De fait, le système du monisme politico-religieux implique structurellement une sorte d’harmonie préétablie entre les deux partenaires, prédestinés à s’entendre, car tous deux professent une même foi et partagent les mêmes rites, les mêmes symboles et, plus ou moins nettement, les mêmes valeurs. Concrètement, cette synergie comporte deux composantes complémentaires et indissociables. Du côté du pouvoir séculier, elle implique, en principe, de la part des gouvernants désireux d’assurer la paix et le bien commun de la nation, la volonté de prendre en compte les requêtes des autorités ecclésiastiques ; il va sans dire que, au niveau du vécu, cela se fera plus ou moins résolument, plus ou moins complètement, selon les personnes en présence, les problèmes à régler, les arguments échangés. En l’espèce, malgré les différences, parfois considérables, qui affectent les gouvernements respectifs de Charles Martel, de ses fils Carloman et Pépin et du duc de Bavière Odilon, Boniface sait que chacun d’eux devrait se montrer accueillant aux idées réformatrices qu’il se propose de leur suggérer, au nom et suivant les instructions du siège apostolique.
L’A. cite de larges extraits de la correspondance de Boniface ; les lettres qui précèdent le concile de Germanie du 21 avril 743 sont parmi les plus expressives ; les nos 42, 48, 50 (éd. Jaffé) tracent un tableau sinistre de l’Église et du clergé du royaume franc pendant l’époque de transition qui assista à l’agonie de la dynastie mérovingienne et à la montée en puissance d’une nouvelle famille royale. Dans la lettre qu’il adresse au pape Zacharie, lui annonçant que Carloman, dux Francorum, lui avait confié le soin de convoquer un synode dans la partie du royaume soumise à son pouvoir, en lui promettant d’amender ce qui avait été négligé, Boniface précise que, dans les provinces orientales du pays franc, les conciles ont cessé de se réunir depuis quatre-vingt ans et que pratiquement la hiérarchie métropolitaine a cessé d’exister.
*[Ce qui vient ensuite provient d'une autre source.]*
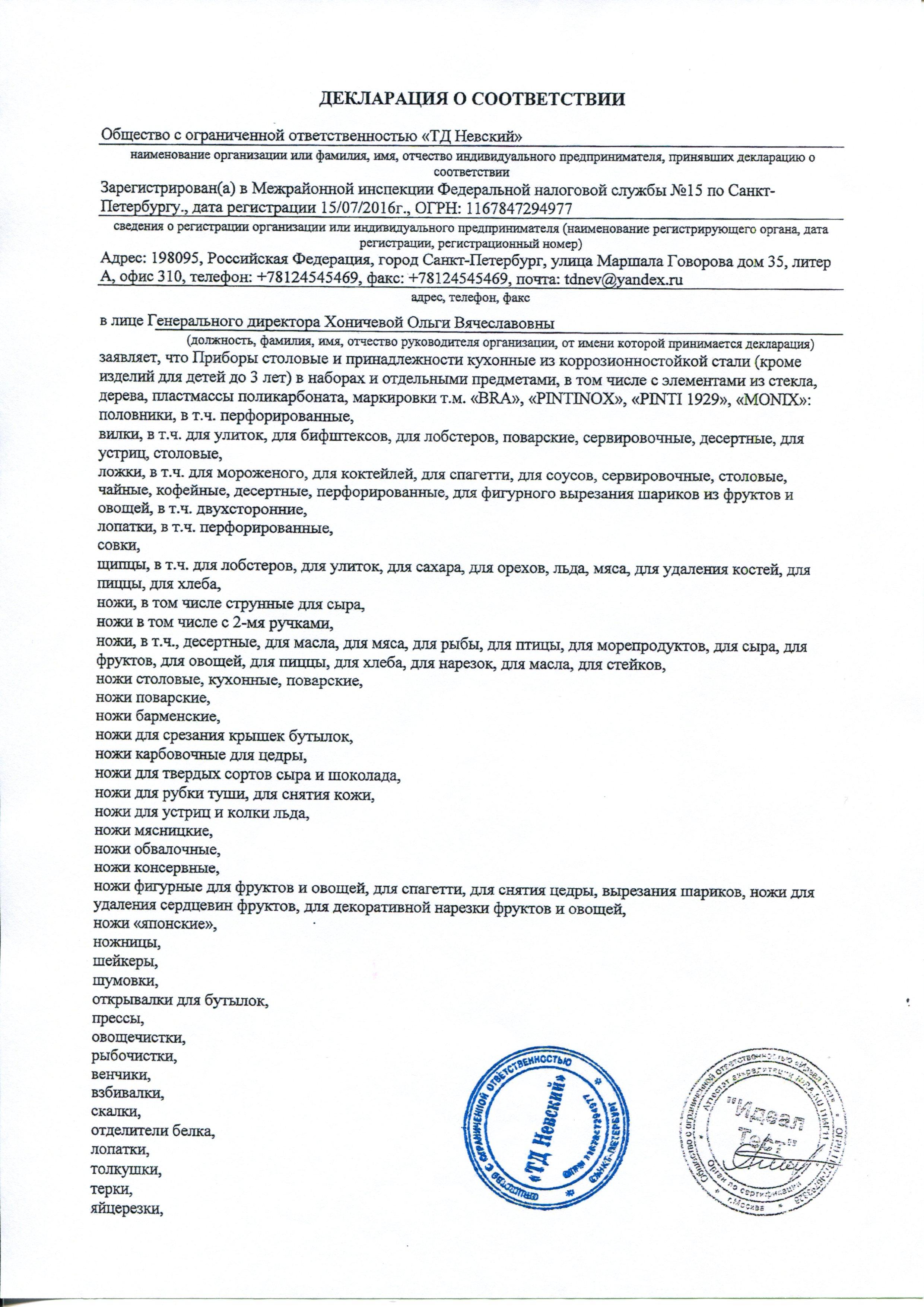Сертификат на товар - Вилка столовая Pintinox Бостон 19.5 см 12 штук в упаковке (артикул производителя 1260M002)

Pis encore : « la plupart des évêchés sont livrés à des laïcs cupides ou à des clercs fornicateurs, qui accaparent à leur profit les revenus des biens ecclésiastiques » [p. 201-216]. Il ajoute : « Si, à la demande du duc susnommé, je dois, sur votre ordre, mettre en route et commencer cette entreprise (negotium), je souhaite avoir bientôt l’avis et les directives du siège apostolique, avec les canons ecclésiastiques » [p. 203].
Cette citation illustre parfaitement le sens et le savoir-faire politique de Boniface. Dans chacune des démarches qu’il lui faut entreprendre auprès des souverains en place, en vue de réunir un concile qui serait chargé de définir les structures ecclésiastiques du royaume franc, d’y rétablir la hiérarchie traditionnelle, restaurer le patrimoine des églises, imposer la discipline ecclésiastique (notamment dans l’administration des sacrements), veiller à l’intégrité de la foi, Boniface fait preuve d’une lucidité et d’une prudence exemplaires ; il ne s’engage que s’il est certain que ses propositions seront les bienvenues.
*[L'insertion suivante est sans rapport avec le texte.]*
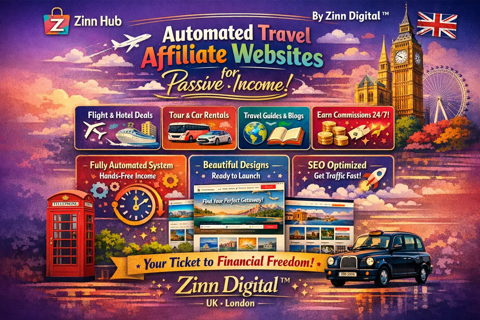 Our team at Zinn Digital ™ is based in London, England, and we're committed to delivering exceptional automated travel affiliate solutions that generate consistent passive income streams.

C’est ainsi que, dans les années 739-741, malgré l’urgence d’assainir la condition du patrimoine ecclésiastique, il ne cherche pas à forcer la main à Charles Martel. On se souvient que, les biens de la couronne ne suffisant pas pour créer une armée de cavaliers et pour récompenser des services militaires et politiques, Charles avait assigné en usufruit sur une large échelle des biens d’églises et de monastères à ses vassaux, à titre de « commende », voire donné complètement à des laïcs des évêchés et des abbayes.
Pourquoi cette indulgence à l’égard du maître du palais ? Sans doute Boniface était-il conscient que les empiètements de Charles Martel sur le patrimoine ecclésiastique ne résultaient pas d’une attitude hostile. Le « prince des Francs » et ses hommes étaient empreints d’une solide religiosité, à laquelle la lutte contre les Sarrasins avait donné une vigoureuse impulsion. Les Francs remportaient leurs victoires avec l’aide du Christ. Comme ceux de Jéricho, les remparts d’Avignon s’étaient écroulés au son des trompettes guerrières. En repoussant l’invasion arabe, le maire du palais avait bien mérité de la cause chrétienne, mais il s’était peu soucié des droits et de la discipline ecclésiastique ; il avait disposé à sa guise des évêchés et des abbayes, pour les fins de sa politique.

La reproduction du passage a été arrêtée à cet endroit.